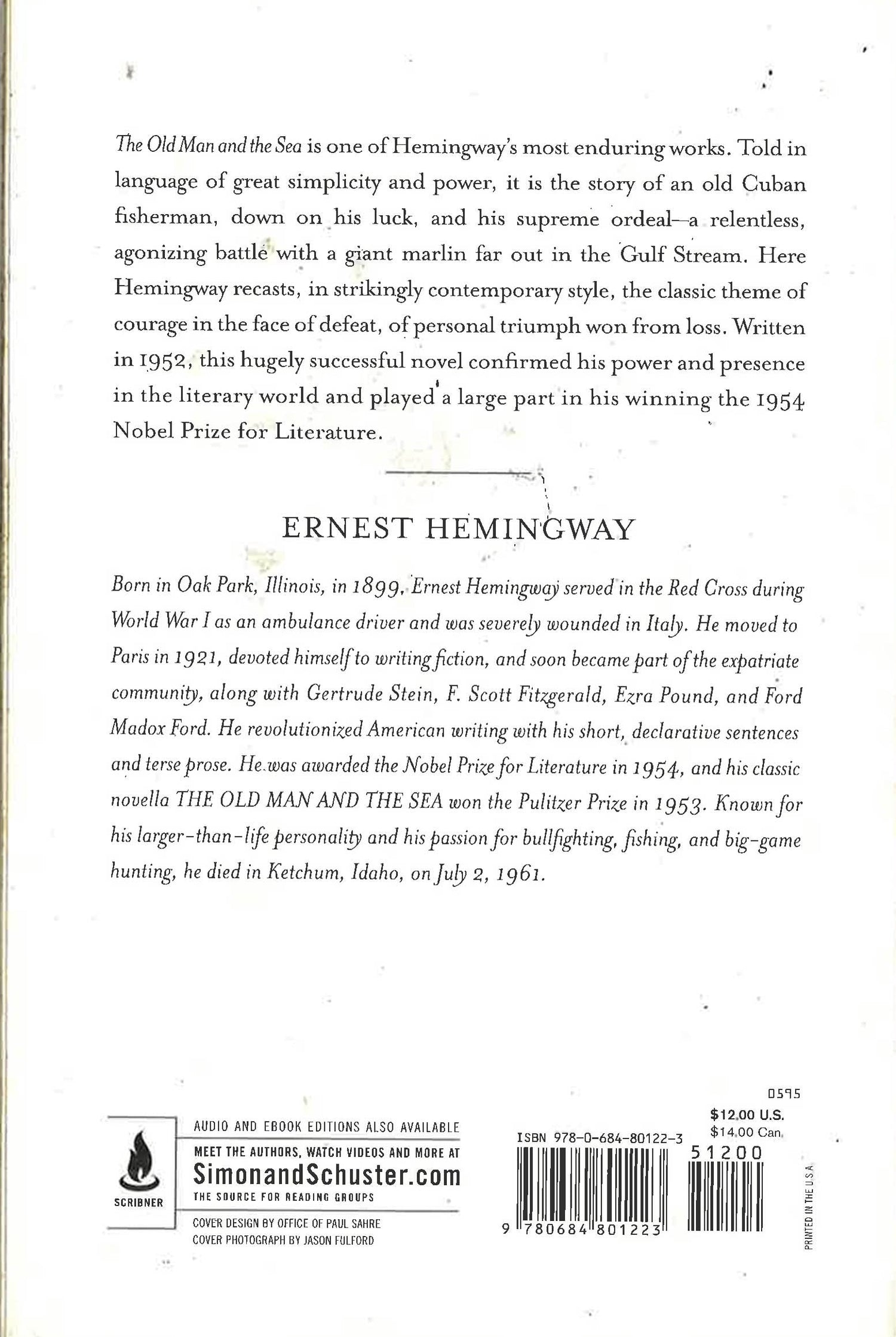 The last novel Ernest Hemingway saw published, "The Old Man and the Sea" has proved itself to be one of the enduring works of American fiction. It is the story of an old Cuban fisherman and his supreme ordeal, a relentless, agonizing battle with a giant marlin far out in the Gulf Stream. Using the simple. powerful language of a fable, Hemingway takes the timeless themes of courage in the face of defeat and personal triumph won from loss and transforms them into a magnificnet twentieth-century classic. *This book may have remainder mark*
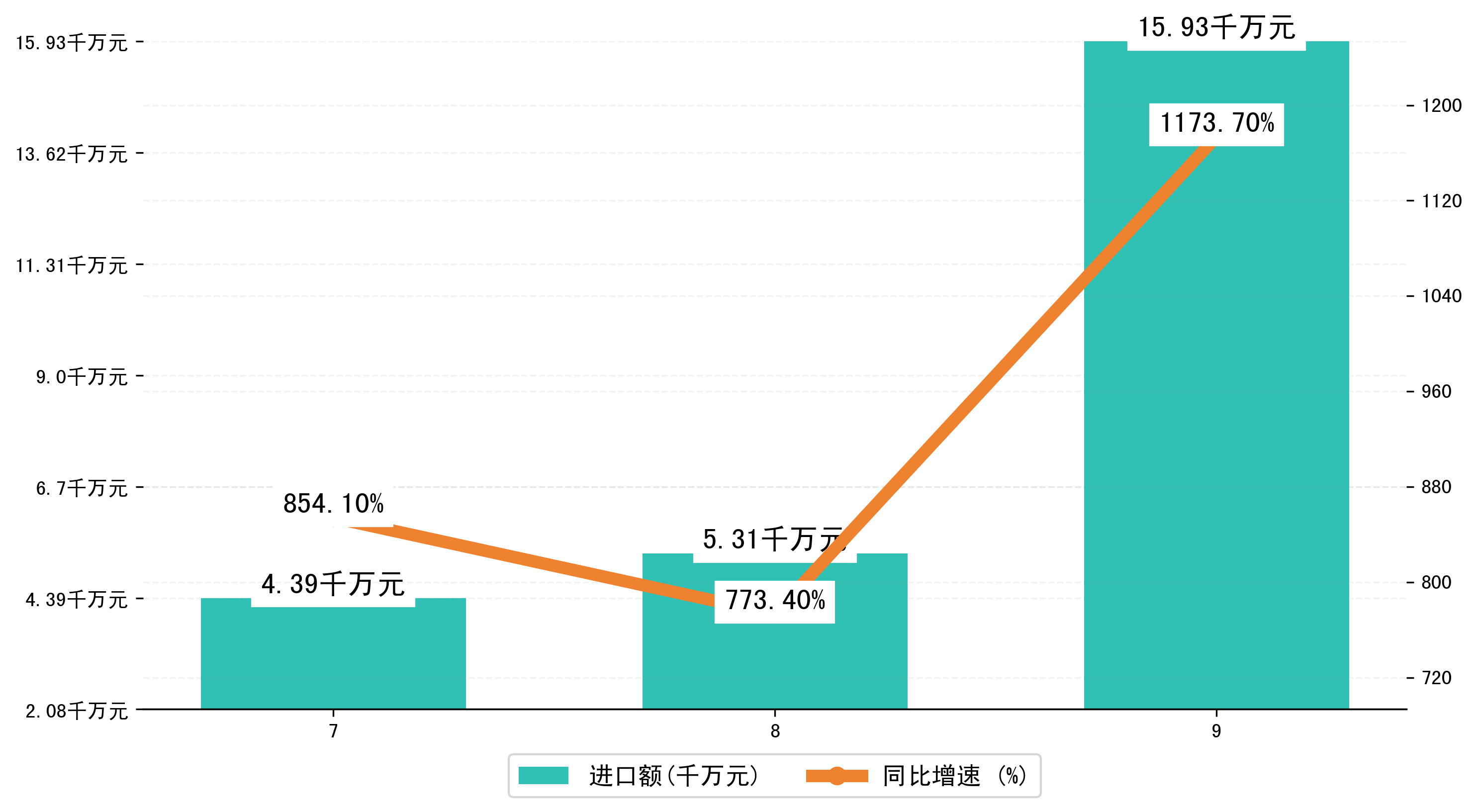 以人民币计,2025年9月石河子市进口额为1,5932.8937万元,相比上月增加了1,0624.9008万元;相比上年同期增加了1,5745.7841万元,同比增加了1173.70%。
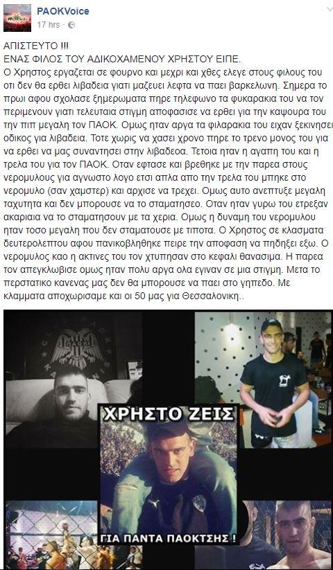 Ένας φίλος του αδικοχαμένου οπαδού του ΠΑΟΚ περιέγραψε συγκλονιστικό τρόπο τον τρόπο που έφυγε από τη ζωή στη Λιβαδειά ο 24χρονος Χρήστος Μπακόλας.
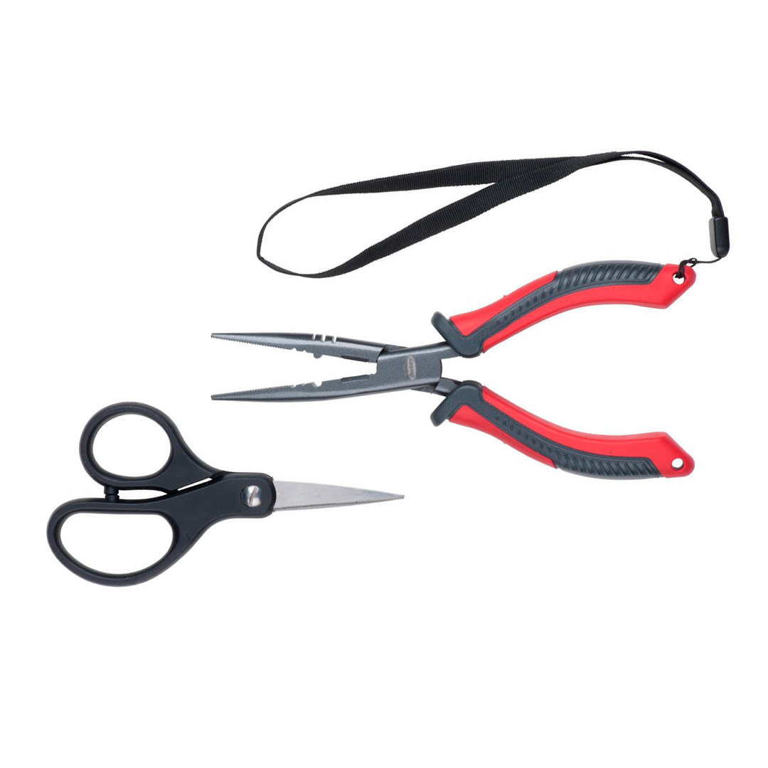 Paketissa hyvät ja jämäkät nokkapihdit, sekä sakset jotka tehoavat hyvin myös kuitusiimaan. Edullinen ja tarpeellinen paketti jokaiselle kalastajalle.

=-=-=

§ DESCRIPTION OF THE TASK: Everything in the listing above is to be given again exactly, apart from the pictures.

§ RESPONSE TO THIS TASK:
 The last novel Ernest Hemingway saw published, "The Old Man and the Sea" has proved itself to be one of the enduring works of American fiction. It is the story of an old Cuban fisherman and his supreme ordeal, a relentless, agonizing battle with a giant marlin far out in the Gulf Stream. Using the simple. powerful language of a fable, Hemingway takes the timeless themes of courage in the face of defeat and personal triumph won from loss and transforms them into a magnificnet twentieth-century classic. *This book may have remainder mark*
 以人民币计,2025年9月石河子市进口额为1,5932.8937万元,相比上月增加了1,0624.9008万元;相比上年同期增加了1,5745.7841万元,同比增加了1173.70%。
 Ένας φίλος του αδικοχαμένου οπαδού του ΠΑΟΚ περιέγραψε συγκλονιστικό τρόπο τον τρόπο που έφυγε από τη ζωή στη Λιβαδειά ο 24χρονος Χρήστος Μπακόλας.
 Paketissa hyvät ja jämäkät nokkapihdit, sekä sakset jotka tehoavat hyvin myös kuitusiimaan. Edullinen ja tarpeellinen paketti jokaiselle kalastajalle.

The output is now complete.